Republican pundits and politicians, however, present it differently. When conservatives complain about critical race theory, they often say it accuses people – not institutions – of inherent racism.
“Critical race theory asserts that people with white skin are inherently racist, not because of their actions, words or what they actually believe in their heart – but by virtue of the colour of their skin,” Rep Ralph Norman, South Carolina’s Republican congressman, said at a press conference earlier this month.
He was flanked by several other members of the House GOP’s Freedom Caucus, including the conservative firebrand Rep Marjorie Taylor Greene, as they unveiled a bill to stop the teaching of CRT.
Rep Lauren Boebert of Colorado put it more simply.
“Democrats want to teach our children to hate each other,” she said.
Experts say this misrepresents critical race theory, whether or not it’s on purpose.
“I’m not really sure that the conservatives right now know what it is or know its history,” Andrew Hartman, a history professor at Illinois State University, told NPR.
But that might be beside the point. What critical race theory represents to conservatives, Mr Hartman says, is a threat to the idea that America has already solved its racism problem.
“Conservatives, since the 1960s, have increasingly defined American society as a colourblind society, in the sense that maybe there were some problems in the past but American society corrected itself and now we have these laws and institutions that are meritocratic and anybody, regardless of race, can achieve the American dream,” the professor said.
Critical race theory gets in the way of that idea, so according to Republican leaders, it must be stopped.

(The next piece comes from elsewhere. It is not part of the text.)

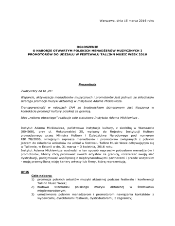 Warszawa, dnia 15 marca 2016 roku OGŁOSZENIE O NABORZE OTWARTYM POLSKICH MENADŻERÓW MUZYCZNYCH I PROMOTORÓW DO UDZIAŁU W FESTIWALU TALLINN MUSIC WEEK 2016 Preambuła Zważywszy na to ,że: Wsparcie, aktywizacja menadżerów muzycznych i promotorów jest jednym ze składników strategii promocji muzyki aktualnej w Instytucie Adama Mickiewicza. Transparentność w relacjach IAM ze środowiskiem biznesowym jest kluczowa w kontekście promocji kultury polskiej za granicą. Idea „naboru otwartego” realizuje cele statutowe Instytutu Adama Mickiewicza . Instytut Adama Mickiewicza, państwowa instytucja kultury, z siedzibą w Warszawie (00-560), przy ul. Mokotowskiej 25, wpisany do Rejestru Instytucji Kultury prowadzonego przez Ministra Kultury i Dziedzictwa Narodowego pod numerem RIK 70/2006, niniejszym zaprasza menadżerów i promotorów związanych z polskim jazzem do składania wniosków na udział w festiwalu Tallinn Music Week odbywającym się w Tallinnie, w Estonii w dn. 31 marca – 3 kwietnia, 2016 roku. Instytut Adama Mickiewicza wychodzi w ten sposób naprzeciw potrzebom menadżerów i promotorów, którzy chcą promować swoich artystów za granicą, rozszerzać swoją sieć dystrybucji, podejmować współpracę z międzynarodowymi partnerami i przede wszystkim - mają przemyślaną wizję kariery artysty lub firmy, którą reprezentują. OPIS Cele naboru: 1) promocja polskich artystów muzyki aktualnej podczas festiwalu i konferencji Tallinn Music Week; 2) budowa wizerunku polskiego muzyki aktualnej w środowisku międzynarodowym; 3) umożliwienie polskim menadżerom i promotorom nawiązania kontaktów z wydawcami, dyrektorami festiwali, dystrybutorami, z zagranicy; WSPARCIE 1. Instytut wesprze finansowo wnioskodawców w zakresie: 1) zwrotu kosztów zakupu akredytacji na festiwal i konferencję Tallinn Music Week; 2. Instytut nie zapewnia i nie będzie pokrywał innych kosztów Wnioskodawcy, w tym kosztów podróży na Festiwal, zakwaterowania podczas Festiwalu, a także nie będzie wypłacał wnioskodawcom diet ani honorariów. WNIOSKODAWCY 3. Ogłoszenie kieruje się do menadżerów muzycznych, promotorów, wydawców muzycznych posiadających w swoim katalogu polskich artystów oraz dyrektorów programowych/artystycznych polskich festiwali zapraszających na swój festiwal polskich artystów FORMULARZ ZGŁOSZENIOWY 4. Osoby zgłaszające, zobowiązane są do wypełnienia formularza zgłoszeniowego zawierającego pytania mające na celu określenie profilu zgłaszającego, a także określającego cele wyjazdu na Targi oraz proponowany plan ewentualnych spotkań z zagranicznymi partnerami. Formularz zgłoszeniowy znajduje się na stronie www.iam.pl PROCEDURA 5. Nabór wniosków trwać będzie w okresie od dnia 16 do 21 marca 2016 roku, do końca dnia (do 23.59). Formularz zgłoszeniowy należy przesłać e-mailem na adres [email protected]. 6. Do udziału w projekcie zaproszonych zostanie maksymalnie 5 wnioskodawców, których zgłoszenia zostaną najwyżej ocenione. 7. Do oceny merytorycznej są kierowane wyłącznie wnioski spełniające wymagania formalne, tj. przesłane w terminie i zawierające wypełnione wszystkie wymagane pozycje formularza. 8. Oceny merytorycznej wniosków dokonywać będzie Komisja, w składzie trzech osób (eksperta muzyki aktualnej IAM, realizatora i koordynatora projektów muzycznych IAM, oraz jednego eksperta zewnętrznego). 9. Wnioski będą oceniane, przez każdego z członków Komisji, według następujących kryteriów merytorycznych: 1) Doświadczenia w branży wynikającego z krótkiego opisu działalności wnioskodawcy – 0-10 pkt; 2) Rzeczowo sformułowanych celów wyjazdu na festiwal Tallinn Music Week – 0-10 pkt; 3) Planu potencjalnych spotkań z zagranicznymi partnerami podczas festiwal Tallinn Music Week – 0 – 10 pkt; 4) Przejrzyście i szczegółowo sformułowanych potencjalnych efektów wyjazdu na festiwal Tallinn Music Week - 0 – 10 pkt; 10. Każdy z członków Komisji będzie przyznawał punkty, o których mowa w ust. 9 powyżej, samodzielnie, które następnie ulegną zsumowaniu i podzieleniu przez liczbę członków Komisji. 11. Wyniki, uzyskane przez wnioskodawców zostaną ogłoszone na stronach internetowych www.iam.pl do dnia 23 marca 2016 roku. 12. Do uzyskania wsparcia Instytutu rekomendowane będą projekty, które uzyskały najwyższą punktację. 13. Instytut będzie się kontaktował z Wnioskodawcami, którzy złożyli formularze zgłoszeniowe, o których mowa w ust. 4 powyżej, celem zaproszenia do udziału w projekcie. 14. Zwrot kosztów zakupu akredytacji, o której mowa w pkt 1, odbędzie się przelewem na podane konto Wnioskodawcy w terminie 14 dni od momentu dostarczenia prawidłowo przygotowanego raportu z wyjazdu na festiwal Tallinn Music Week wraz z dokumentem księgowym potwierdzającym zakup ww. akredytacji. Wzór raportu znajduje się w załączniku nr 2. 15. W przypadku, w którym wybrany Wnioskodawca nie weźmie udziału w festiwalu Tallinn Music Week, z przyczyn od niego zależnych, zobowiązany będzie do zwrotu Instytutowi kosztów związanych z wykupionym noclegiem, w wysokości kosztów poniesionych przez Instytut, w terminie 7 dni od daty dostarczenia wezwania do zapłaty. 16. Decyzja Komisji dokonującej oceny jest decyzją ostateczną w sprawie, a tym samym Instytut nie prowadzi trybu odwoławczego. 17. Instytut będzie przetwarzać dane osobowe zgodnie z ustawą z dnia 29 sierpnia 1997 r. o ochronie danych osobowych (Dz. U. Nr 133, poz. 883 ze zm.). Instytut jest administratorem zbioru danych osobowych i przetwarza dane osobowe w celach związanych z przeprowadzeniem niniejszego naboru. Każda osoba, której dane dotyczą, ma prawo do wglądu w swoje dane osobowe przetwarzane przez administratora oraz do ich poprawiania. 18. Dodatkowe informacje można uzyskać pod numerem telefonu +22 44 76 151.

“Families did not ask for this divisive nonsense,” Senate Republicans wrote in a scathing letter to the US Department of Education. “Voters did not vote for it. Americans never decided our children should be taught that our country is inherently evil.”
There’s also another, simpler reason for opposing the theory: it’s a way to get votes.
Christine Matthews, president of Bellwether Research, says President Biden’s popularity – polls consistently show more than 50 per cent of Americans support him – means Republicans have to look elsewhere for reasons voters should turn on Democrats. In lieu of a polarising president, the GOP needs an issue “as extreme and threatening to white culture as possible.” A plot to indoctrinate children with anti-American ideology appears to fit that bill nicely.
“I think it’s just one more addition to the culture war that the Republicans really want to fight and it’s what they want to make the 2022 midterms about,” Ms Matthews told NPR.
So as the 2022 elections get closer, expect to hear the phrase “critical race theory” more than ever.